Quando si affronta la programmazione si devono indicare al computer delle istruzioni da eseguire. Se il computer potesse comprendere il linguaggio naturale, sarebbe facile chiedere:

  • di eseguire un'istruzione condizionale: se questo è vero, fai una cosa, altrimenti fai quest'altra cosa;
  • di eseguire un'istruzione iterativa: ripeti questo per 100 volte;
  • di eseguire una sequenza di istruzioni: fai prima questo, poi fai questo e poi quest'altro.

Si tratta di istruzioni per noi molto semplici da comprendere, ma che devono essere espresse in modo da poter essere comprese dal computer. Ognuna delle precedenti istruzioni è un esempio di: una condizione, un'iterazione e una sequenza.

Questo teorema afferma che qualsiasi algoritmo può essere descritto utilizzando solo tre tipi di strutture: la sequenziale, la condizionale e l'iterativa.

Gli esempi appena visti erano proprio di queste strutture:

I programmi che seguiranno sono privi di altre funzioni oltre al main() per mettere in evidenza solo queste tre strutture. Al loro fianco sarà presente un diagramma di flusso che usa gli stessi colori per mettere in evidenza le tre strutture.

Le tre strutture possono anche essere combinate insieme tra di loro: si può inserire una struttura sequenziale all'interno di una condizionale(Figura 1), oppure una struttura condizionale dentro una struttura iterativa (Figura 2).

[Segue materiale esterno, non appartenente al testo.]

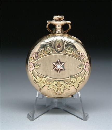 16 SIZE ELGIN POCKET WATCH. 21 jewel, Father Time in a multicolor gold filled hunting case. SN 16205188. Possibly having a diamond in center of case. Double sunk Elgin railroad style dial with hairlines. CONDITION: Very good, running. 9-25844
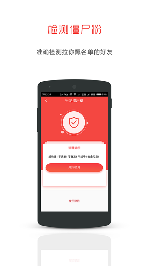 此外,该应用提供检测僵尸粉功能。通过超快捷、零误删、零群发、不封号的方式,帮助用户安全可靠地检测出不再活跃或已注销的微信好友,让用户更精准地管理好友列表,提升营销效果。有需要的用户可在本站免费下载使用。
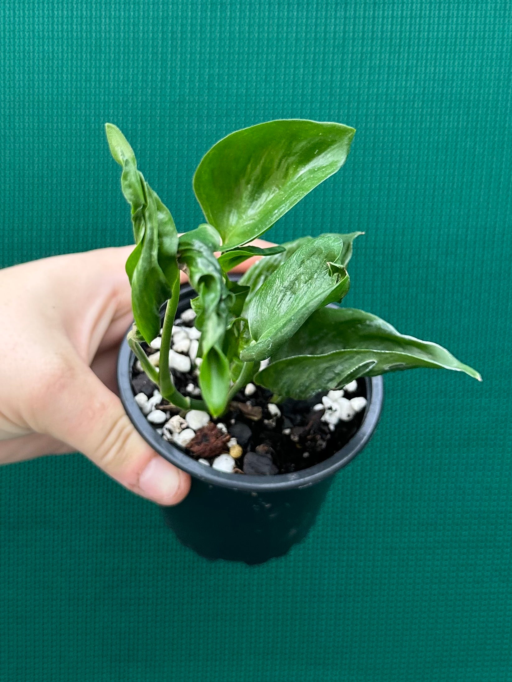 Shangri La Pothos is a cultivar bred from the standard golden pothos. It has bright-green leaves with yellow variegation but it’s the leaf texture that makes this plant truly amazing. This plants leaves look shrivelled compared to other pothos’ leaves that are flat. Shangri La’s leaves become wrinkly and somewhat rolled up as the leaf matures.

Poiché queste tre strutture sono indispensabili per descrivere gli algoritmi, ogni linguaggio di programmazione consente di tradurle come istruzioni. Nei prossimi esempi si vedrà che

  • La struttura sequenziale si traduce in C++ usando una coppia di parentesi graffe
{
  ...
}
  • La struttura condizionale si traduce in C++ usando un'istruzione if eventualmente seguita da else
if ( ... )
     ...
else ...
  • La struttura iterativa precondizionale in C++ si può tradurre in due modi diversi, tra loro equivalenti, usando while() oppure for():
    •  while( ... )
         ...
    • for( ...; ...; ...)
         ...

Un programma può eseguire una lista sequenziale di istruzioni

  • Esempio che calcola l'area di un cerchio
  • chiedere in input un valore per il raggio
  • calcola l'area di un cerchio (formula…)
  • visualizzare in output l'area
var. di input tipo var. di output tipo var. di lavoro tipo
raggio num. virgola area num. virgola area num. virgola
La struttura sequenziale si traduce in C++ usando una coppia di parentesi graffe
{
  ...
}
31.cpp
// Questo programma è stato scritto da Fabio
 
#include <iostream>
 
int main()
{ 
  std::cout << "Inserisci il valore del raggio del cerchio: " << std::endl;
  float raggio;
  std::cin >> raggio;
  float area = raggio*raggio*3.14;
  std::cout << "L'area del cerchio vale: " << area << std::endl;
  return 0;
 
}

Un programma può eseguire istruzioni diverse in base al verificarsi di una condizione

  • Esempio che visualizza la maggiore età
  • chiedere in input il valore dell'anno di nascita
  • calcolare l'età attuale
  • se età < 18
    • allora visualizzare in output: sei minorenne
    • altrimenti visualizzare in output: sei maggiorenne
costanti valore var. di input tipo var. di output tipo var. di lavoro tipo
annoAttuale 2012 annoNascita intero - - - -
La struttura condizionale si traduce in C++ indicando la condizione dentro il rombo dentro un'istruzione if che contiene tra parentesi la condizione da verificare. Dopo si scrive l'istruzione (o le istruzioni) da eseguire nel caso “vero”. Poi, nell'eventualità che vi siano istruzioni nel caso “falso”, si scrive anche else e le sue eventuali istruzioni.
if ( ... )
     ...
else ...
32.cpp
// Questo programma è stato scritto da Fabio
 
#include <iostream>
 
int main()
{ 
  const int annoAttuale=2012;
  std::cout << "Per favore scrivi l'anno di nascita: ";
  int annoNascita;
  std::cin >> annoNascita;
 
  if ( annoAttuale-annoNascita < 18 )
      std::cout << "Minorenne." << std::endl;
    else
      std::cout << "Maggiorenne." << std::endl;
 
  return 0;
}

Che differenza c'è tra questi due esempi di istruzione if? Perché vengono entrambi compilati senza segnalare errore?

  •  if ( eta == 18 )
  •  if ( eta = 18 )

Operatori logici

L'algebra di Bool (booleana) è un'algebra nata per definire la logica delle proposizioni, dove si studia lo stato (il valore) di verità delle proposizioni. Una proposizione può essere vera oppure falsa.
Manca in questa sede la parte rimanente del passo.